Under Section 27 of the Merchant Marine Act of 1920, commonly known as the Jones Act, the provision of cargo services between two points in the United States (including its territories and possessions), either directly or through a foreign port, is reserved to vessels registered and built (or repaired) in the United States that are at least 75% owned by a U.S. company and on which 100% of the officers and 75% of the crew are U.S. citizens.
In general, the same requirements apply to domestic passenger service under the Passenger Vessel Service Act of 1886.

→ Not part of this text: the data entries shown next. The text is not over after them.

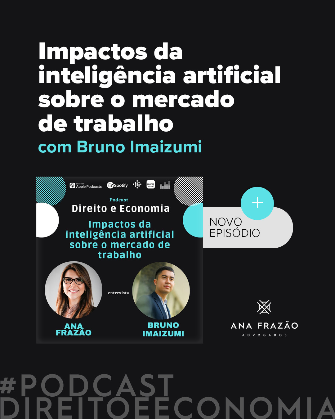 No episódio de hoje do podcast Direito e Economia, nossa sócia Ana Frazão conversa com Bruno Imaizumi, Economista e Consultor da 4Intelligence, sobre os impactos da inteligência artificial generativa sobre o mercado de trabalho.
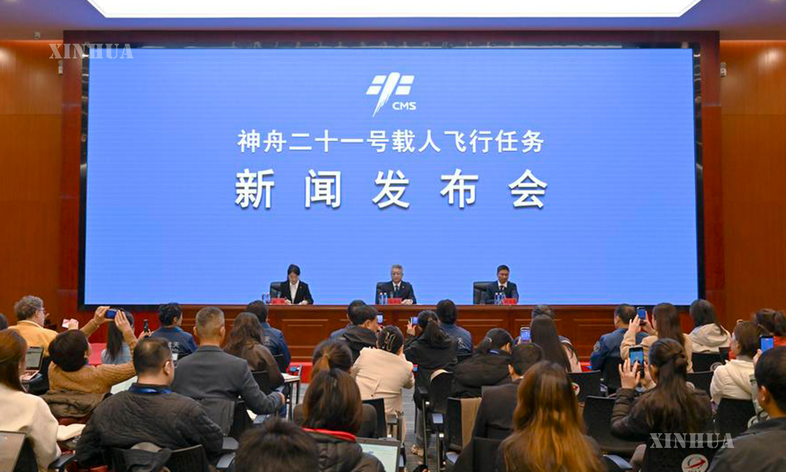 A press conference on the Shenzhou-21 crewed spaceflight mission is held in Jiuquan Satellite Launch Center in northwest China on Oct. 30, 2025. (Xinhua/Li Zhipeng)
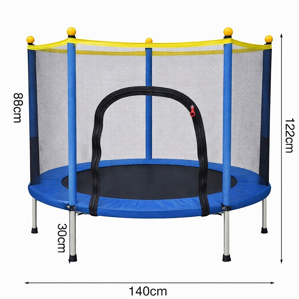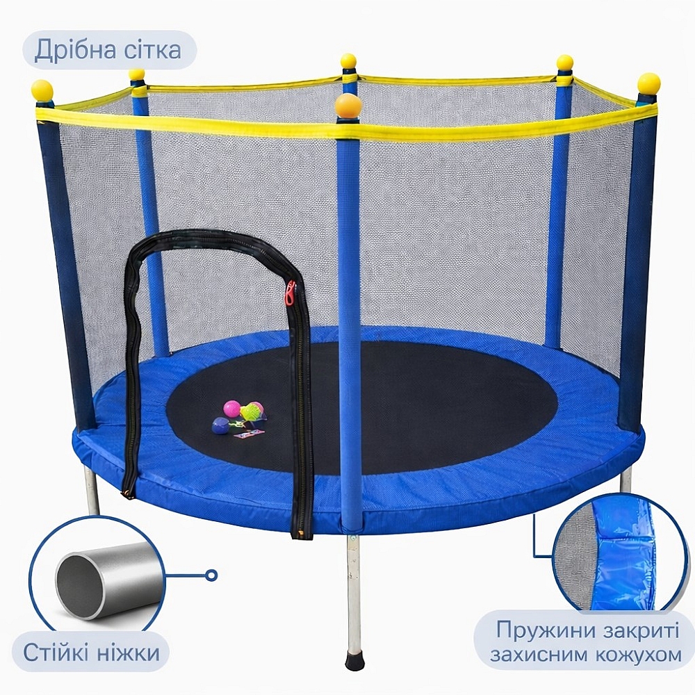 Модель оснащена захисною сіткою по периметру, яка створює безпечний простір для дитини та знижує ризик випадкового падіння. Міцне стрибкове полотно забезпечує пружний відскок, а посилена рама гарантує довговічність конструкції навіть при активному використанні.
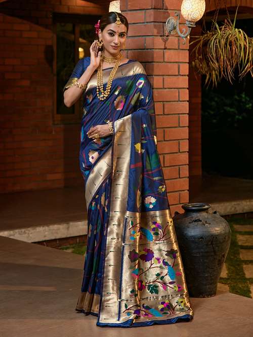 women's self design navy blue colored saree with blouse
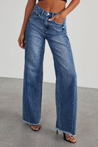 Meridress Raw Hem Distressed Wide Leg Denim Pants
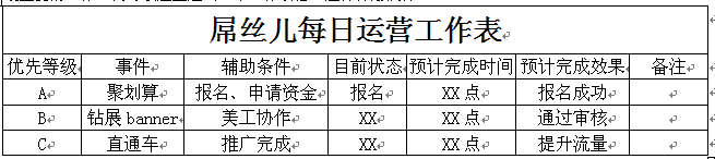 舉個(gè)例子來說,比如我今天的工作是做鉆展圖片丶直通車推廣丶報(bào)名聚劃算活動(dòng),這三項(xiàng)是最重要的工作。我可以建立這么一個(gè)工作表格,進(jìn)行計(jì)劃執(zhí)行。
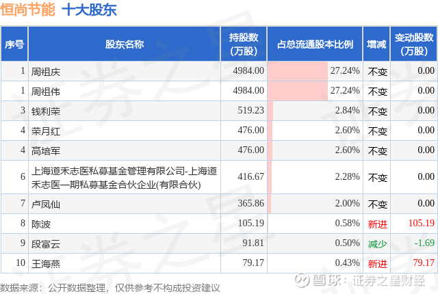 根据恒尚节能2025年三季报公布的十大股东详情如下:

According to the World Trade Organization (WTO), as of October 2021, there were 96 privately owned, self-propelled, ocean-going cargo vessels of at least 1,000 gross tons and a total deadweight of 4.8 billion tons in the United States eligible to provide service under the Jones Act.
The volume of cargo transported on Jones Act-covered routes, including coastal, intercoastal, Great Lakes, and inland water transportation, was 3,467.51 million gross tons, representing 47.1% of U.S. domestic cargo shipments by all modes of transportation.
Although the Jones Act limits cargo services to companies using U.S.-built vessels and employing U.S. seamen, it does not prevent foreign companies from establishing U.S. shipping companies in the United States, provided their U.S. subsidiaries meet the statutory requirements for citizenship, crewing, and operation of U.S.-built vessels.
Foreign-owned U.S. companies may also own and operate U.S.-flag vessels in their international services.
CBP is the agency responsible for enforcing coastal laws, including the Jones Act, and can impose fines and penalties on violators.